Using Plate-Wash PCR and High-Throughput Sequencing to Measure Cultivated Diversity for Natural Product Discovery Efforts

Abstract

Molecular techniques continue to reveal a growing disparity between the immense diversity of microbial life and the small proportion that is in pure culture. The disparity, originally dubbed "the great plate count anomaly" by Staley and Konopka, has become even more vexing given our increased understanding of the importance of microbiomes to a host and the role of microorganisms in the vital biogeochemical functions of our biosphere. Searching for novel antimicrobial drug targets often focuses on screening a broad diversity of microorganisms. If diverse microorganisms are to be screened, they need to be cultivated. Recent innovative research has used molecular techniques to assess the efficacy of cultivation efforts, providing invaluable feedback to cultivation strategies for isolating targeted and/or novel microorganisms. Here, we aimed to determine the efficiency of cultivating representative microorganisms from a non-human, mammalian microbiome, identify those microorganisms, and determine the bioactivity of isolates. Sequence-based data indicated that around 57% of the ASVs detected in the original inoculum were cultivated in our experiments, but nearly 53% of the total ASVs that were present in our cultivation experiments were not detected in the original inoculum. In light of our controls, our data suggests that when molecular tools were used to characterize our cultivation efforts, they provided a more complete and more complex, understanding of which organisms were present compared to what was eventually detected during cultivation. Lastly, about 3% of the isolates collected from our cultivation experiments showed inhibitory bioactivity against an already multidrug-resistant pathogen panel, further highlighting the importance of informing and directing future cultivation efforts with molecular tools.

Keywords: 16S rRNA gene sequencing; cultivation; cultivation efficiency; drug discovery; high-throughput sequencing; plate-wash PCR; road-kill.

FIGURE 1

Alpha diversity of the mouth and rectum. For the controls, richness, measured using ASVs, was higher in the rectum than the mouth. For cultivated communities, richness varied based on medium type and treatment. Points represent each medium or treatment type, indicated by color (n = 3). Molecular 16S/18S refers to the directly sequenced inoculum sample (n = 3).

FIGURE 2

Distribution of ASVs between cultivation and molecular controls. The majority of ASVs detected in the original inocula were shared between the mouth and rectum, while approximately half of all ASVs detected through cultivation were not detected in the directly sequenced samples.

FIGURE 3

Beta diversity measured in Jaccard distance and NMDS ordination. Differences in microbial community structure were driven by orifice and treatment, specifically ethanol and streptomycin.

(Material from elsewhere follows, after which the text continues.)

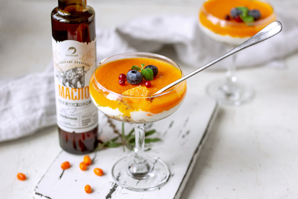 5. Ягоды облепихи обдать кипятком, протереть через сито, удалив косточки и кожицу. 6. Желатин высыпать в стакан, залить небольшим количеством воды (до 50 мл), растопить, не допуская закипания. 7. Смешать пюре (сок) мандарина, облепихи и желатин. 8. Рикотту выложить в отдельную ёмкость и смешать с подсластителем (например, "Фитпарад" 3-4 пакетика). 9. Взять стаканы или креманки с широким дном, уложить на дно слой овсяно-ореховой смеси толщиной около 1 см, плотно утрамбовать (ложкой или пестиком). 10. Выложить слой рикотты толщиной в 1,5 -2 раза больше, чем первый слой. 11. Сверху залить смесью соков с желатином (примерно равной по толщине слою рикотты) и убрать в холодильник на 30-60 минут. 12. Перед подачей десерт можно украсить свежими ягодами. Хранить в холодильнике. ПРИЯТНОГО АППЕТИТА

Shape corresponds to orifice sampled, while color differentiates between treatments of the medium or inoculum.

FIGURE 4

Heatmaps describing presence absence of taxonomic families observed in the (A) mouth and (B) rectum. Purple indicates that a family was observed while gray indicates that a family was absent. The dendrograms highlight clusters of families observed during cultivation. Control refers to the families identified on the molecular control.

FIGURE 5

Percent of variation described by permanova models based on (A) media and treatment with orifice as a stratum, (B) orifice and treatment. Largely, the differences in community structure during cultivation could not be explained by media, orifice, or treatment alone. In all graphs, residual variation (in gray), is the proportion of variance not explained by the model.